For those who've forgotten what a groovy, frayed vestige the 75-year-old mutiplex had become, the theater's website still has plenty of old photos. Now it's shiny and warm -- retro, but classy rather than kitschy. And it has at present a long, wood-lined bar with another forthcoming by spring -- the long-planned patio perched on the marquee that was torn out and replaced during the closure.

The four auditoriums remain, though two are significantly smaller, as you can see from the photos above. One has 16 leather seats; the other, 12. Right now, they're being use mostly for rentals, but they'll be used as overflow theaters when screenings in the other larger theaters sell out. The other two theaters -- which are presently screening Tron: Legacy 3D and Little Fockers -- have been significantly upgraded. The biggest, which is the only 3D-capable auditorium at the moment, has 184 leather seats; the smaller, 96. And, as befitting so much spent on so few screens, it's all top-o-the-line tech.

"Fingers crossed," says Beam, Top Chef Tre Wilcox's long-ago-announced Marquee Grill will open March 11 -- that was the date set just today, matter of fact. At which point the patio bar will also open. And once the restaurant's open, Beam says, they'll cater gatherings in the small theaters. "And the concessions will change then too: They'll be making the pastries and cupcakes and desserts in-house," says Beam, "so it's super-fresh." (You'll be able to access the eatery from inside or outside the theater.)

Beam says the theater hasn't been jam-packed since its opening December 18; after all, he says, that was a "soft opening," and only this week has the place taken on the look of a finished product. But slowly, surely the moviegoers have returned -- especially the long-timers who've been anxously awaiting the Village Theater's reopening.

"This isn't our movie theater," says Beam ."This theater belongs to the people who live around here, who've always made this their movie theater. There are 60-, 70-year-old people who've been coming here since they were kids.

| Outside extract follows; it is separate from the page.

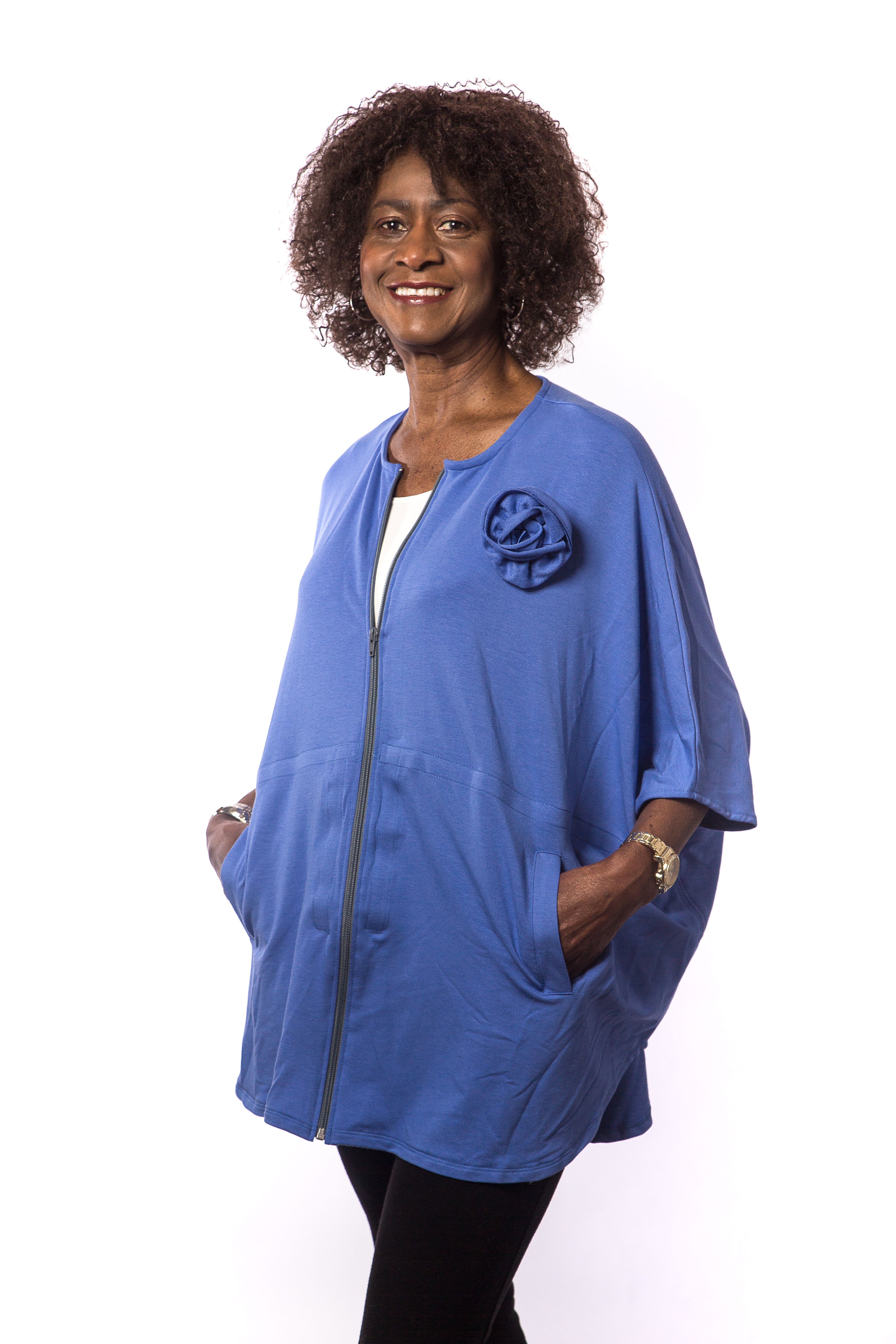 “Tres Bon” is how we would describe this French Terry Cover-Up. Stylish and ultra-soft, the front zipper and loose fit make it easy to take on/off, wear over post-surgery bandages, and for warmth and comfort during chemotherapy and radiation treatment. Two side pockets can hold her personal must-haves like lip balm, ID and that all-important cell phone!

"We're a first-run theater. We'll do some art-house stuff, but we want the big box-office movies for sure. And we'll be a date-night place, especially once Marquee opens. That's a big draw. Let's be honest; We've invested in the fact there's a not a bar scene in Highland Park Village. We want to change that. And we'll cater to families too. I don't think we'll show a bunch of R-rated movies. We may do it in the smaller theater, but that won't work here."